When asked if she needed help finding her gate, the report said that Subbs handed the airline employee a Southwest Airlines drink coupon. However, when the employee ran the coupon, she discovered that the passenger it belonged to had boarded an earlier flight.
Orlando Police were called in at that point. The responding officer noted in his report that when he saw Subbs, he immediately recognized her as the missing teenager from Apopka. When asked how she got through Transportation Security Administration security, “Subbs stated she found the drink coupon on the floor, utilizing it, as she passed through TSA PreCheck."
Two police agencies and Sade’s father said the teen got through security with nothing more than the drink coupon with another passenger’s information on it. One report also stated that Subbs was observed on camera passing through TSA PreCheck, getting screened at 1:32 p.m. on Friday.
“No boarding pass at all,” said Gerald Subbs.

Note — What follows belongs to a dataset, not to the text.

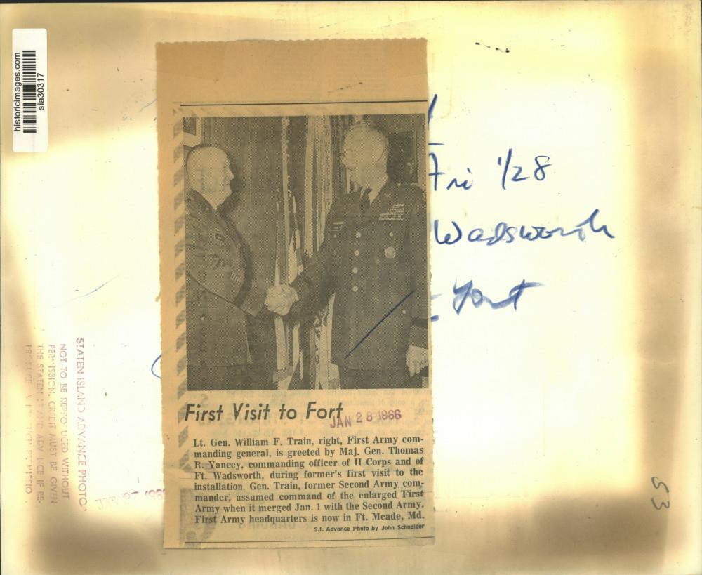 ebay template Note: Please study the images carefully to determine the condition of this vintage photograph, as it may not be in perfect condition. It may contain wrinkles, cracks, and possibly even tears due to its age and how it was handled before it got to us. A scanner may interpret colors and contrast differently than human eyes will, so it is possible that the actual photograph may be slightly darker or lighter in person. This vintage photograph is offered for sale as a collectible item and conveys no transfer of copyright. 1966 Press Photo Lt. Gen. William F. Train greeted by Maj. Gen. Thomas R. Yancey This is an original press photo. Lt. General William F. Train, right, First Army commanding general, is greeted by Maj. General Thomas R. Yancey, commanding officer of II Corps and of Ft. Wadsworth, during the former's first visit to the installation. General Train, former Second Army commander, assumed command of the enlarged First Army when it merged January 1 with the Second Army. First Army headquarters is now in Fort Meade, MarylandPhoto measures 10 x 8.25inches. Photo is dated 01-28-1966. PHOTO FRONT PHOTO BACK Historic Images Part Number: sia30317 FAQs Q: Can I just download a digital version instead? A: No, we sell only vintage originals and do not make or distribute any copies, including digital ones. Q: Do you combine shipping and invoices? A: Multiple photos won on the same seller ID combine automatically through the eBay checkout process. If you encounter problems with this, send us a message via eBay messaging and we will send you an invoice. Due to eBay limitations, we cannot combine items won on our different seller IDs for a single shipping charge. Q: How quickly do you ship the items once paid? A: We ship within one business day after your payment clears. If you do not receive an "order shipped" email from us by the close of the second business day from submitting payment, please e-mail us via eBay messaging. Q: How do you make sure my photograph arrives safely? A: We package each order between two cross-corrugated pieces of cardboard to ensure that the package is as difficult to bend as possible. We then wrap each order in a plastic sheet to help protect against moisture. We want you to rest assured that we take every precaution to ensure that the photograph you receive will be in the same condition in your care as it was in ours. Q: Will the "Historic Images" watermark be on my photo when I receive it? A: No. This is a digital watermark we use to protect our images. It is not printed on the photo. Q: What are your office hours? A: eBay for us is a business, and a very fun one to be in! We are open M-F 9 to 5 (CST). Therefore, we do not return e-mails and phone calls over the weekend. We observe the following holidays: New Years Day, Memorial Day, Fourth of July, Labor Day, Thanksgiving and the day after Thanksgiving, Christmas Eve and Christmas Day. Q: Where did all these vintage photos come from? A: These original vintage photographs are from various news service and newspaper photo archives from locations around the country including: Boston, Detroit, Tampa, Chicago, Denver, Seattle, New Orleans, Milwaukee, Portland, Spokane, and more. We do not copy or reproduce any photographs -- every item is a unique vintage piece that was housed in a news archive. Q: Can I use this photograph in my book/blog/website? A: The short answer is no. There is no transfer of copyright for republication or reproduction with these photographs when you purchase them, and only photographs taken before 1923 are currently automatically in the public domain. Permission from the copyright holder, which usually can be identified from the back of each photo, must be sought to republish or reproduce the image for any purpose. Q: Do you relist items (in case I miss an auction ending)? A: Auction items that receive no bids are relisted in our store (historicimages-store on eBay) as a fixed-price item and at a higher price than the starting auction price. Q: Do you leave feedback? A: Yes, we always leave feedback for buyers. Our software monitors when our buyers leave us feedback, then notifies us that we can leave feedback for the buyer. Rest assured, if you leave feedback, we will do the same! Check out our family of eBay IDs: historicimages01 Sports Photos historicimages02 Entertainment Photos historicimages03 Americana Photos historicimages04 International & War Photos historicimages05 Transportation Photos historicimages06 Photos of All Subjects historicimages07 Entertainment Photos historicimages08 Newsworthy Photos historicimages09 Entertainment Photos historicimages10 Sports Photos historicimages-store Our largest fixed-price selection historicimages-gallery Hand-picked photos Saturday night auctions About Us Historic Images was formed in September 2009, with a handful of scanners working out of a basement to digitize newspaper photo archives. We have since moved out of the basement, and we can now archive thousands of photos per day. Our company has worked with magazines and newspapers from Detroit, Boston, Denver, Seattle, Tampa, Chicago, and New Orleans, just to name a few. We are constantly adding to our inventory, and have assembled an archive of millions of photos to date. As our company evolved, we began our eBay business, which brings thousands of fresh auctions per week to the world's largest online auction marketplace. Our custom software systems and team of great employees allow us to efficiently scan and sell large photo archives online. At the very core of our company's DNA is a strong commitment to customer satisfaction and strict integrity for our product. Our promise to you is that we will do everything in our power to provide you a great buying experience. Copyright 2009 - Present, Historic Images, Inc. Sell Smarter with Kyozou. Inventory and Ecommerce Management

His daughter told investigators that she took several buses to get to the airport from Apopka and said that she just wanted to go on an airplane.
“She said she wanted to go to Asia to see the Chinese blossoms or something,” Subbs said.
FOX 35 News has reached out to TSA to see how the teen got through their security checkpoint without a government-issued ID and an airline drink coupon.
"The individual presented a valid and current boarding pass. Under the age of 18, passengers are not required to present an ID. She was screened and therefore presented no threat to the aviation system," the TSA responded. "This is an example of where many layers of security worked. Although she presented someone else's boarding pass, she was screened and the TSA screening procedures did assure that she posed no threat to aviation."
TSA at the Orlando International Airport (FOX 35 Orlando)
Subbs said he had a long talk with his daughter and explained that what she did was wrong. While he still has lots of questions, he is thankful that he got his daughter back safe.
"She could have gotten on an airplane. It could have been a lot worse,” Subbs said.
In October 2019, a similar incident happened at the Orlando International Airport when a woman was able to board a flight with no identification or boarding pass.